2 Materials and methods

In this study, we aimed to investigate the difference in the prefrontal FC between healthy elderly and preclinical AD subjects. The study protocol was approved by the Institutional Review Board of Gwangju Institute of Science and Technology (20201124-HR-57-02-04).

2.1 Participants

Cognitively healthy individuals aged 65 years or older were recruited from the Gwangju Medical Center for Dementia. Comprehensive cognitive assessments using the Korean Mini-Mental State Examination (K-MMSE) and the Seoul Neuropsychological Screening Battery (SNSB) were conducted to screen individuals without cognitive impairment (Ryu and Yang, 2023). The SNSB evaluates five cognitive domains: attention, language, visuospatial function, memory, and frontal/executive functions for one and a half hours, enabling accurate confirmation of cognitive normality. In this study, which focuses on individuals definitively diagnosed as cognitively normal, the clinical dementia rating was not utilized, as it is primarily designed to assess dementia severity. Subsequently, a three-dimensional structural MRI (MAGNETOM Skyra; Siemens Healthineers, Germany) was performed to detect brain atrophy and severe brain-related diseases, and ¹⁸F-florbetaben (FBB) PET scans (Discovery STE PET/CT Scanner; GE Healthcare, USA) were conducted to quantify Aβ deposition.

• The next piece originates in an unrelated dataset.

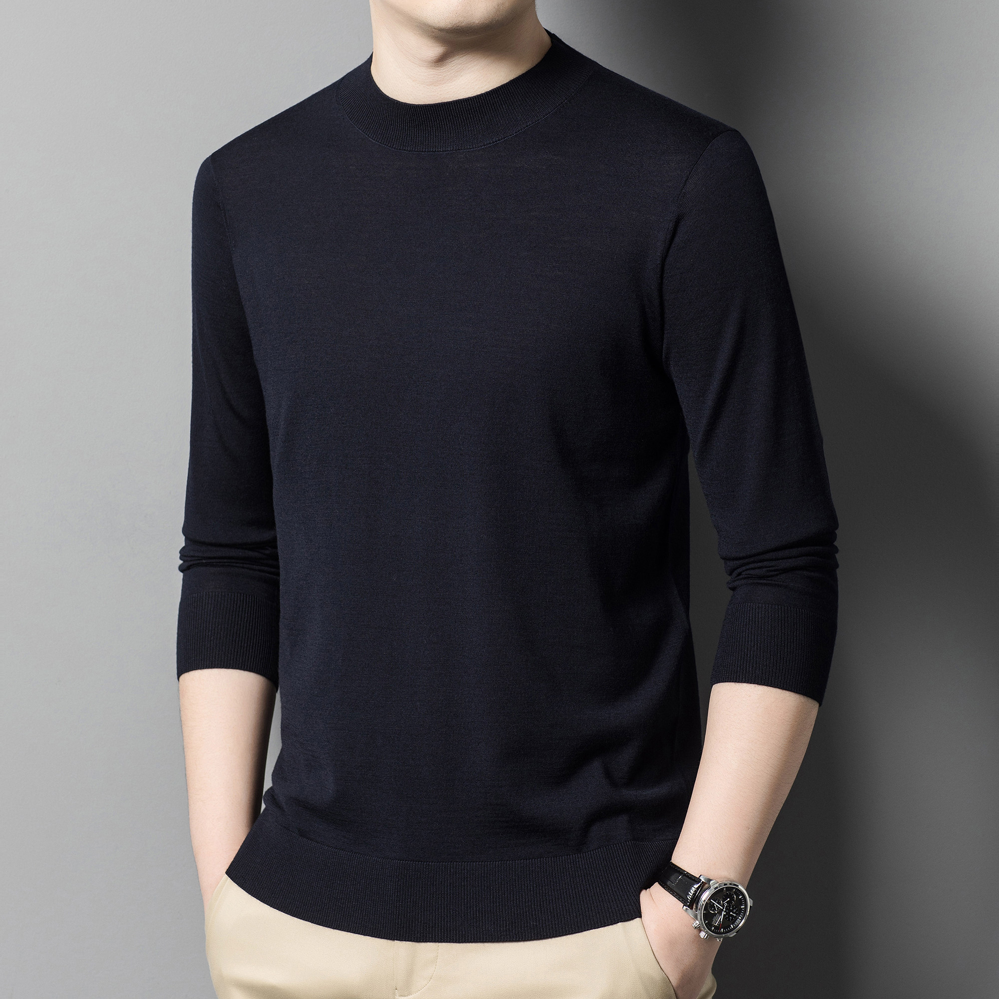 轻柔薄防缩工艺精纺羊毛衫男秋冬100超细美丽诺羊毛打底针织长袖
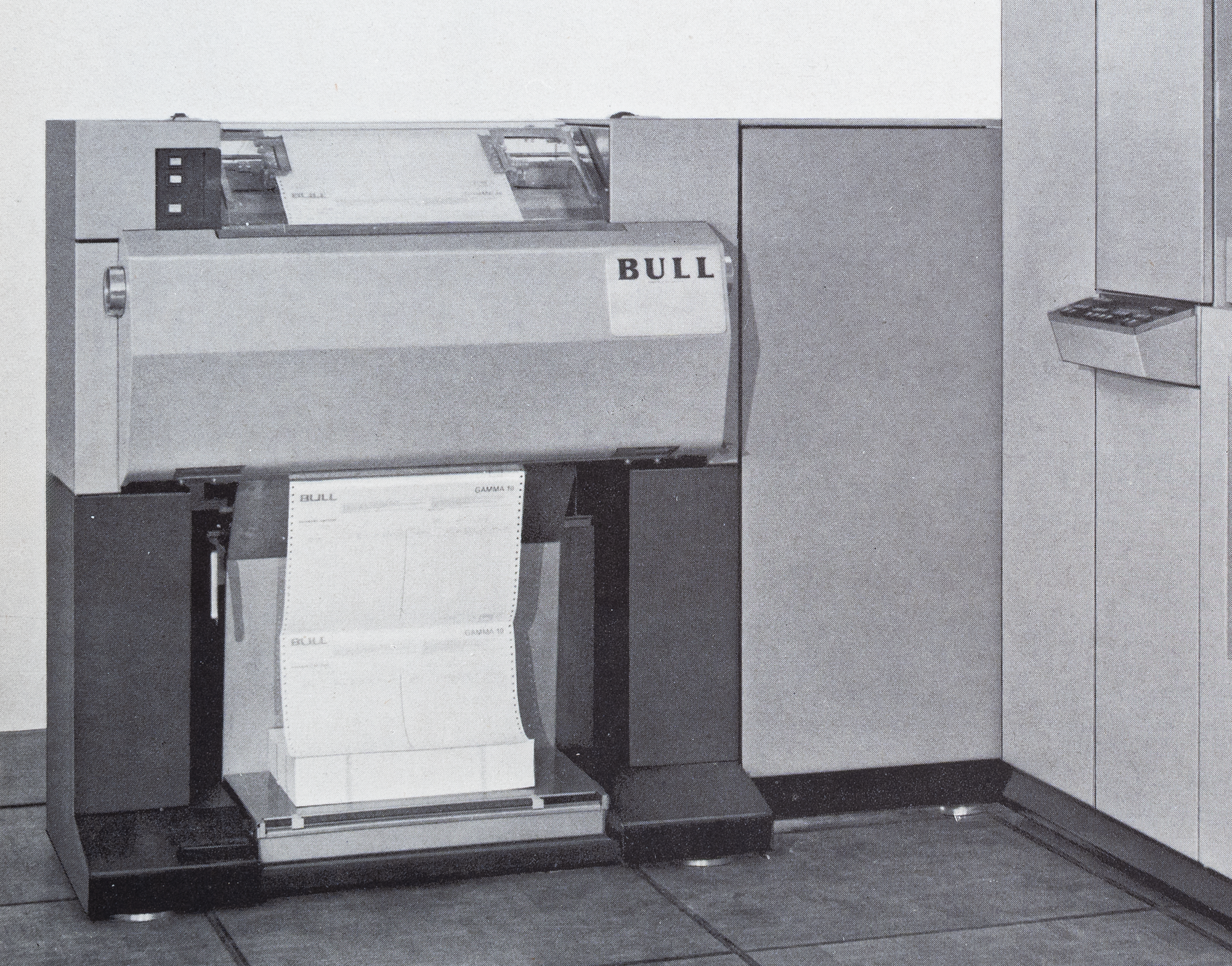 L’imprimante du Gamma 10 atteint une cadence de 300 lignes par minute. Son tambour d’impression, muni de caractères en relief frappés par des marteaux synchronisés, imprime les résultats avec une précision remarquable: bulletins de paye, états des stocks de matières, prix de revient, etc. Les alignements et les sauts de page sont commandés par un ruban perforé, lu automatiquement par une cellule de l’imprimante.

Quantification was expressed as the standard uptake value ratio (SUVR), representing Aβ uptake in specific brain regions, including the frontal, precuneus, posterior cingulate cortex, lateral parietal, and temporal regions, normalized by the cerebellar uptake value computed through co-registration with individual T1 postural images. SUVR-A is an automatically calculated SUVR using a deep neural network (Kang et al., 2023). The preclinical stage of AD was defined as the absence of clinical symptoms of atypical AD with in-vivo evidence of Alzheimer's pathology, according to the International Working Group (Dubois et al., 2014).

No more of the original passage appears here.